= Chinese Independent Churches =

The Chinese Independent Churches are a category of churches of Chinese people.

== Imperial China ==
=== Gospel of Grace Church (福音堂)===

The Gospel of Grace Church or Grace Evangelical church was founded at Shandong by Xi Sheng-Mo (席胜魔) in 1881. In 1906, Yu Zong-Zhou (俞宗周) established this church in Shanghai. These were some of the early indigenous churches established by local Chinese Christians.

== Republican China ==
=== True Jesus Church (真耶穌教會)===

The True Jesus Church was registered in Beijing in 1917. Early workers include Paul Wei, Zhang Lingsheng, and Barnabas Zhang. The General Coordination Board was established in Nanjing which was later moved to Shanghai. The English version of the church name was once the "True Jesus Mission".

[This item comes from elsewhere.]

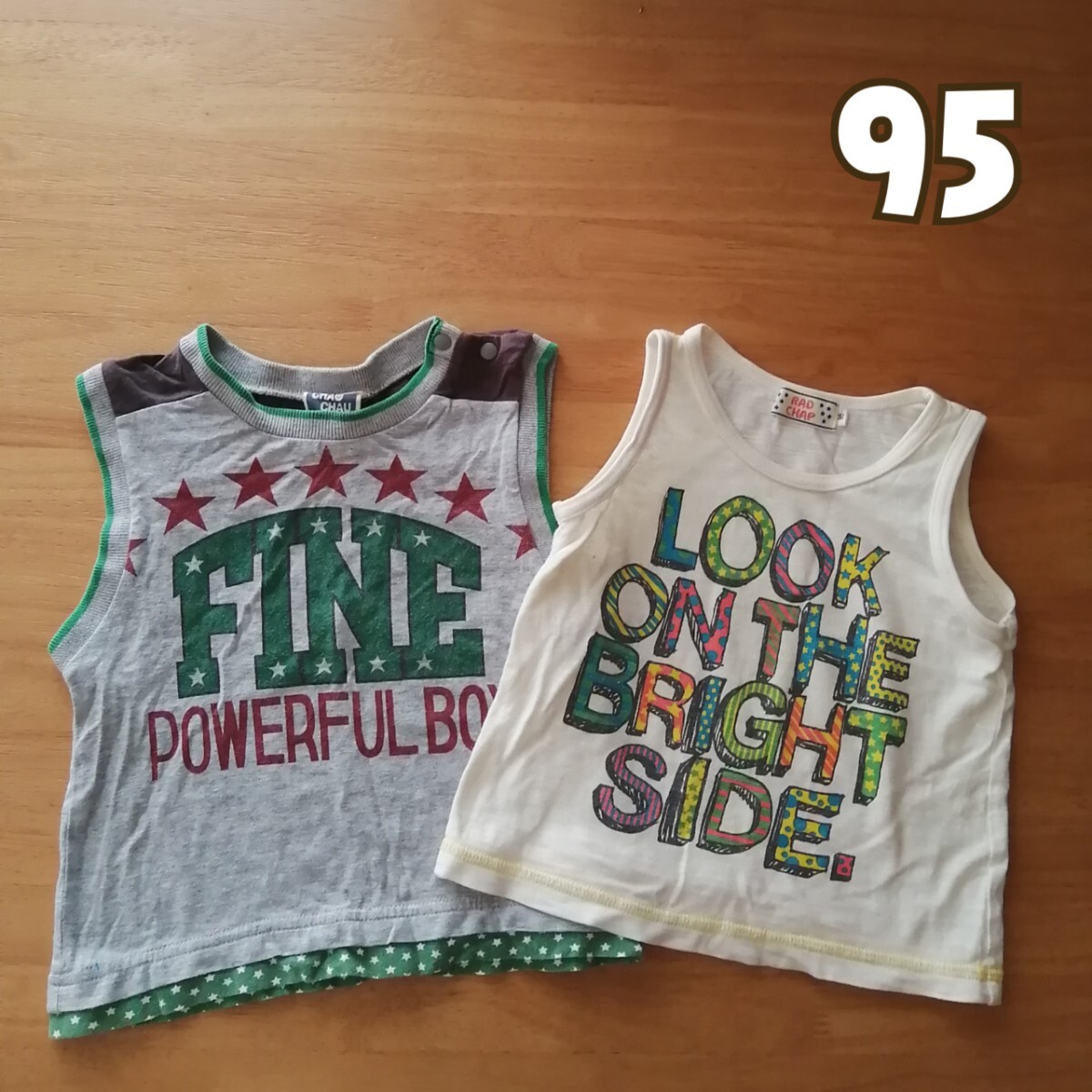 - 95(90-100 タンクトップ 男の子 夏 2枚セット ノースリーブトップス グレー ホワイト コットン こども服

This independent church is an offshoot or breakaway from the first wave of the Pentecostal movement in the United States during the early 1900s. Pentecostal missionaries from the Azusa Street Revival were the first to arrive in Hong Kong as early as October 1907. The Pentecostal movement in China spread through Protestant organizations that were already established, leading to the creation of the True Jesus Church and many others.

The True Jesus Church was also later established in Taiwan in 1926. Presently there are more than three hundred churches and prayer houses in Taiwan.

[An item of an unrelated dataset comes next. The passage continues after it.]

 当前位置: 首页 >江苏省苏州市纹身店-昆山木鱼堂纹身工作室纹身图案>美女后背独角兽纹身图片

=== Church Assembly Hall (聚會所)===

Also known as the local churches, the Church Assembly Hall is a church founded by Watchman Nee, Zhou-An Lee, Shang-Jie Song and others when they started holding family services in 1922.

They began arranging small group hymn singing sessions in Shanghai so many Chinese refer to them as the small group and they were known (or the nickname) as the Little Flock, and because at that time, they were still using the Plymouth Brethren's Hymn Book called Little Flock Hymn Book.

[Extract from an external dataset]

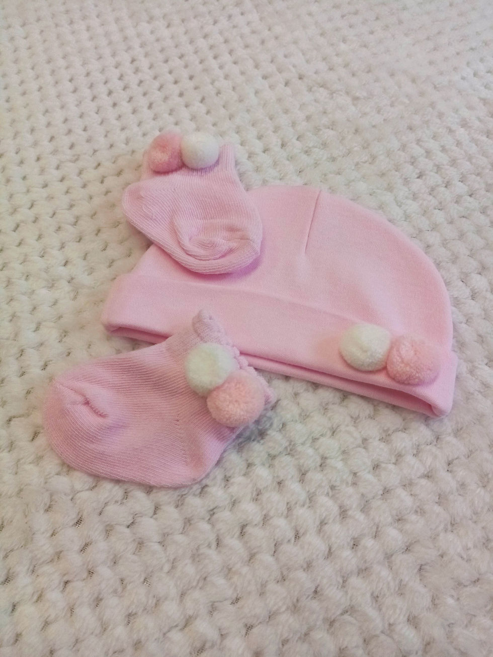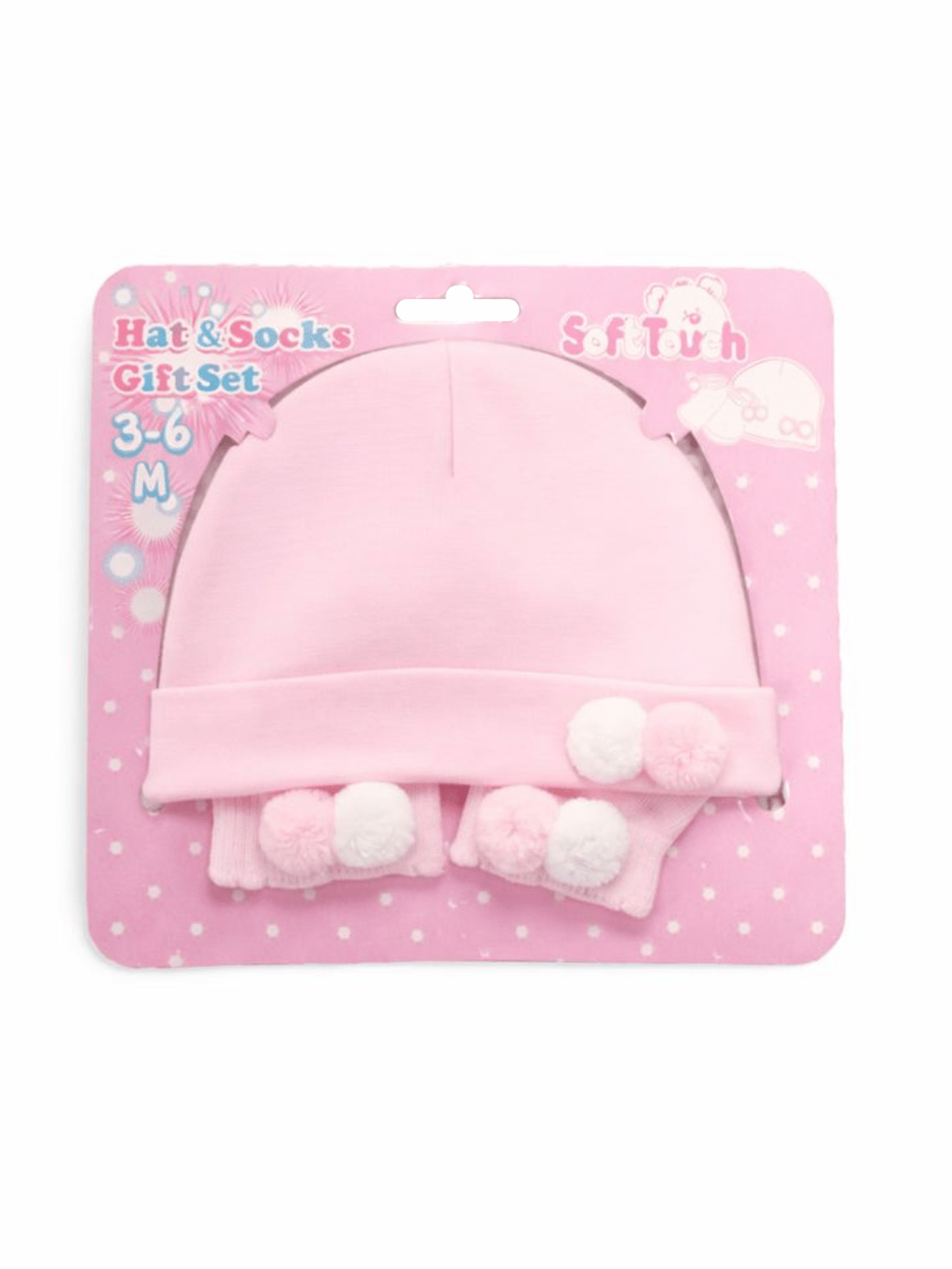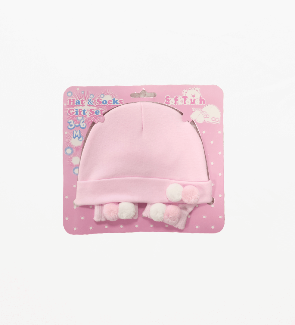 Pom Pom Hat & Socks Set - Pink/White

=== Jesus Family (耶穌家庭) ===

The Jesus Family is a unique Pentecostal communitarian church first established in Shandong province in the late 1920s. It is a more distinctive type of independent churches in China. Founded and established by Jing Dianying (敬奠瀛).

=== Christian Tabernacle (基督徒會堂) ===

It originally was just a family service but was later established as a new church by Wang Mingdao (王明道) at Beijing in 1937. The Christian Tabernacle was founded without the help of any foreign missionary so it was essentially Chinese Christians preaching to Chinese people. They also self-administer and are self-sufficient economically.

== People's Republic of China ==
The independent churches established during the republican era are the most well known and representative of the many independent churches in China. Today, many of them constitute a significant portion of what is generally termed the house church movement in China, because after 1949, with the arrival of Communist control and departure of all foreign missionaries, all Chinese Christian denominations had become independent.